Honour killings are predominantly ubiquitous in areas where there is little to no space given to civic activism. Raising awareness against such crimes from within the community means that one is expressing objections against the traditions that bind the community. The fact that institutions in these countries have not adopted zero tolerance towards killing in the name of honour, shows that there are still many that harbour feelings of acceptance. In a survey conducted across MENA to determine the nature of attitudes towards honour killings, 27% of the respondents in Algeria claimed that ‘honour killings’ are acceptable. A report released by the UNFPA stated that individual actions and a desire for change in itself can make significant differences.
The COVID-19 pandemic saw lockdowns being implemented in most countries around the world, which saw a surge in the number of domestic abuse cases worldwide. On top of this, there was an increase in the number of honour killings.
A link can be drawn between socio-economic factors (such as social status, poverty, modernisation, and education) and the deep-seated beliefs that drive one to kill based on ‘honour’.
The Elsevier Public Health Emergency accounted that provinces in Iran where most cases of honour killings were reported, were also the ones with the highest rates of poverty and unemployment. Such heinous crimes of violence against women cannot be excused under any circumstance. However, there is a link between social circumstances and the predisposition of these harmful attitudes towards women.
Additionally, women are not given a platform to subvert the conditions they are coerced to live in. While their outlooks on feminism and equality become increasingly progressive, the patriarchal attitudes of the men intensify. Modernisation threatens tradition and advocates female empowerment and freedom. Hence, to protect archaic traditions, women who desire and act upon their desire to exercise their autonomy must be eradicated. This eradication is done in the name of honour and under the guise of righteousness. Banaz Mahmod, an Iraqi Kurdish 20-year old woman, was murdered by her uncle and father because she divorced her abusive (ex)husband and pursued a relationship with an Iranian man of her choice. Yet again, those complicit in her murder roamed free until her sister, Bekhal Mahmod, aided police in investigations of her sister’s death. Banaz’s father and uncle have been convicted and are serving their sentence in prison.
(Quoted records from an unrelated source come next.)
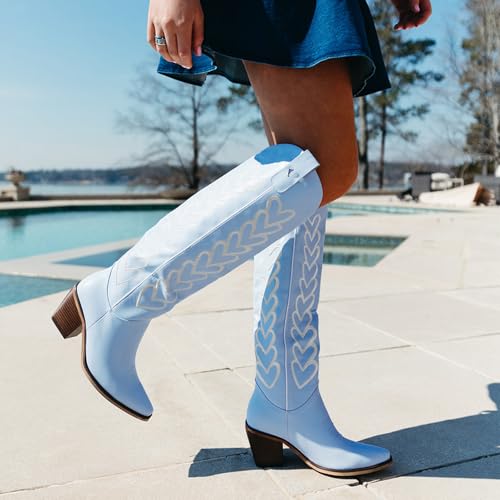 Yolkomo Cowboy Boots for Women Knee High Cowgirl Boots with Hearts 7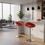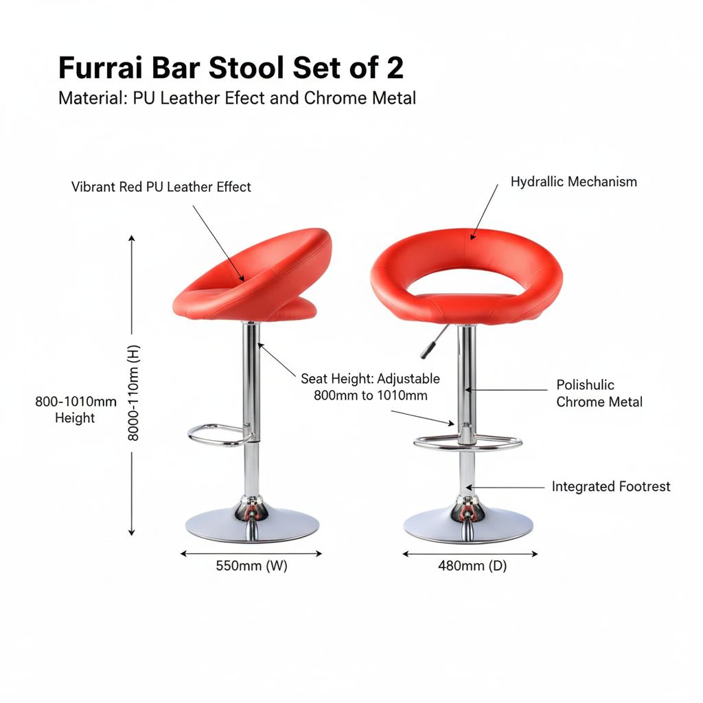 The Furrai Red PU Bar Stools are the perfect addition to any contemporary breakfast bar or home kitchen island. Sold as a convenient set of 2, these stools combine a bold aesthetic with high-end functionality. The vibrant red leather effect upholstery provides a striking pop of colour that complements the polished chrome base, ensuring your interior remains modern and stylish.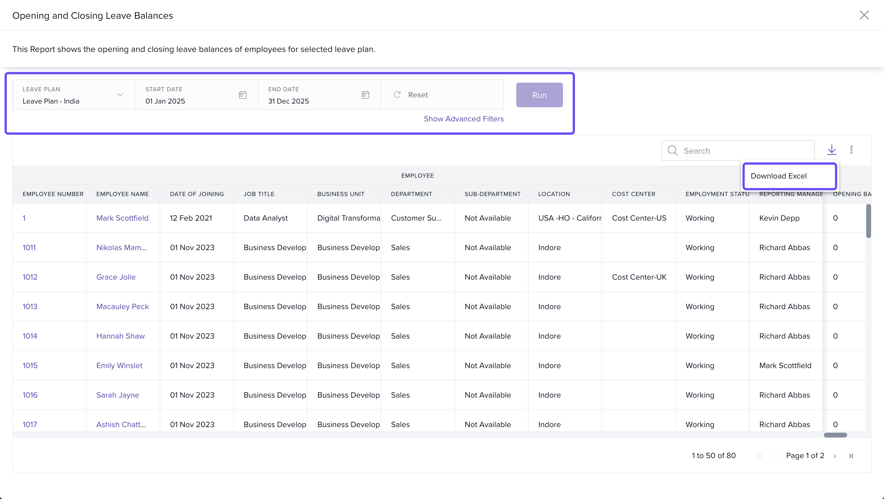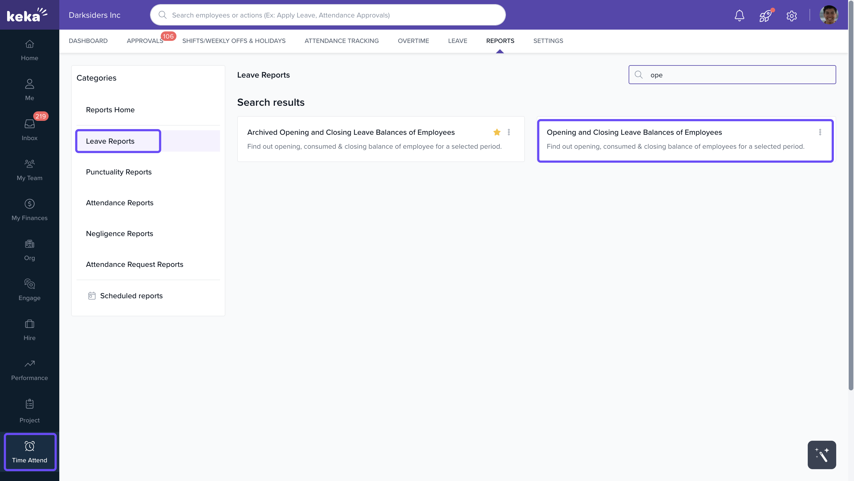 - Under Leave Reports, select Opening and Closing Leave Balances of Employees.

Yet, Bekhal still lives under a new identity and under police protection because she fears falling victim to the same fate that her sister did.
There are organisations like Women Against Violence (WAV) that aim to break the silence surrounding abuse and violence against women. In 1992, a group of Arab women established support groups and shelters for abused women. The Director of the Nazareth-based organisation called Al-Tufula said that “We need to deal with the crime as a crime, without giving any legitimisation in our wording and attitude,” as “women were being murdered for being women.”
Education is an important tool to combat such violence – as it attacks the root of the problem. Instilling attitudes that encourage gender equality from a young age can help contribute to the larger aim of unlearning patriarchal notions of female subservience. This can help restructure young boys’ understanding of consent, respect and gender equality. It is tragic that women’s voices are heard only after they die.
This pattern must stop, for there is no honour in honour killings.